---------- Given data ----------

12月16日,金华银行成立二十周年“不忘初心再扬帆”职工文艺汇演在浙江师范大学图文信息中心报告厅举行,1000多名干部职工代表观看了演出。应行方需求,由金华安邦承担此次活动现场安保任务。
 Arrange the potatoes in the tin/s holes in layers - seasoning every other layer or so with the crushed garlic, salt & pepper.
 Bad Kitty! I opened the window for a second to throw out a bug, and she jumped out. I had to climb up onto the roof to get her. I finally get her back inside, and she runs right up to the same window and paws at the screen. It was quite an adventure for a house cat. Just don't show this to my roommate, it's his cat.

----------
---------- Given data ----------

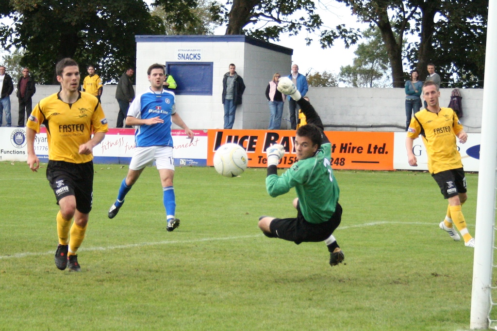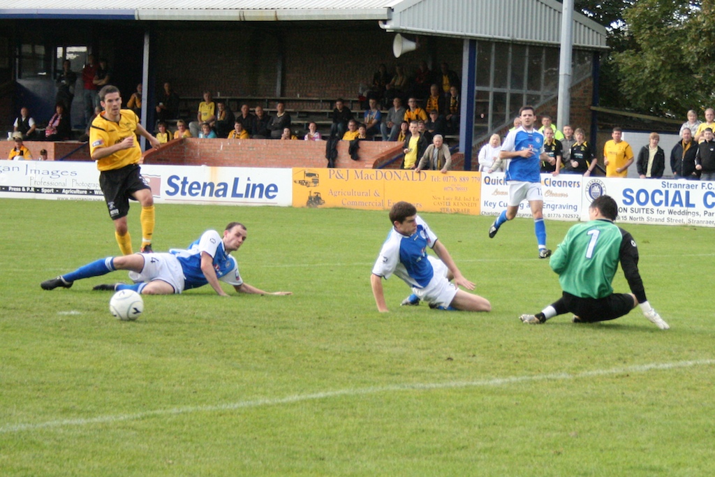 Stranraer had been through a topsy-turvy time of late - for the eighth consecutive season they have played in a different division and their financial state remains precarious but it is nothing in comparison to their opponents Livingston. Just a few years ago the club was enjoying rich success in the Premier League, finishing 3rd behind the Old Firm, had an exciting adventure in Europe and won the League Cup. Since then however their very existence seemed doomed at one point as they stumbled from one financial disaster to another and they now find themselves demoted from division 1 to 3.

----------
---------- Given data ----------

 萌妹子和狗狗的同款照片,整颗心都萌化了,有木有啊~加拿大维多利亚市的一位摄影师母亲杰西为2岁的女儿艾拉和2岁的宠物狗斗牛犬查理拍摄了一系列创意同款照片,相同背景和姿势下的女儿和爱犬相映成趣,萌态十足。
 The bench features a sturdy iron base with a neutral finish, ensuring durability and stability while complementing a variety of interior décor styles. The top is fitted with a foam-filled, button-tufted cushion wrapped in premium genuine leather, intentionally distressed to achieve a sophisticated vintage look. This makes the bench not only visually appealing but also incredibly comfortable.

----------

*Task prompt*:
What are the lines of the data above that include the string "with"? Copy them.

*Output*:
 Arrange the potatoes in the tin/s holes in layers - seasoning every other layer or so with the crushed garlic, salt & pepper.
 The bench features a sturdy iron base with a neutral finish, ensuring durability and stability while complementing a variety of interior décor styles. The top is fitted with a foam-filled, button-tufted cushion wrapped in premium genuine leather, intentionally distressed to achieve a sophisticated vintage look. This makes the bench not only visually appealing but also incredibly comfortable.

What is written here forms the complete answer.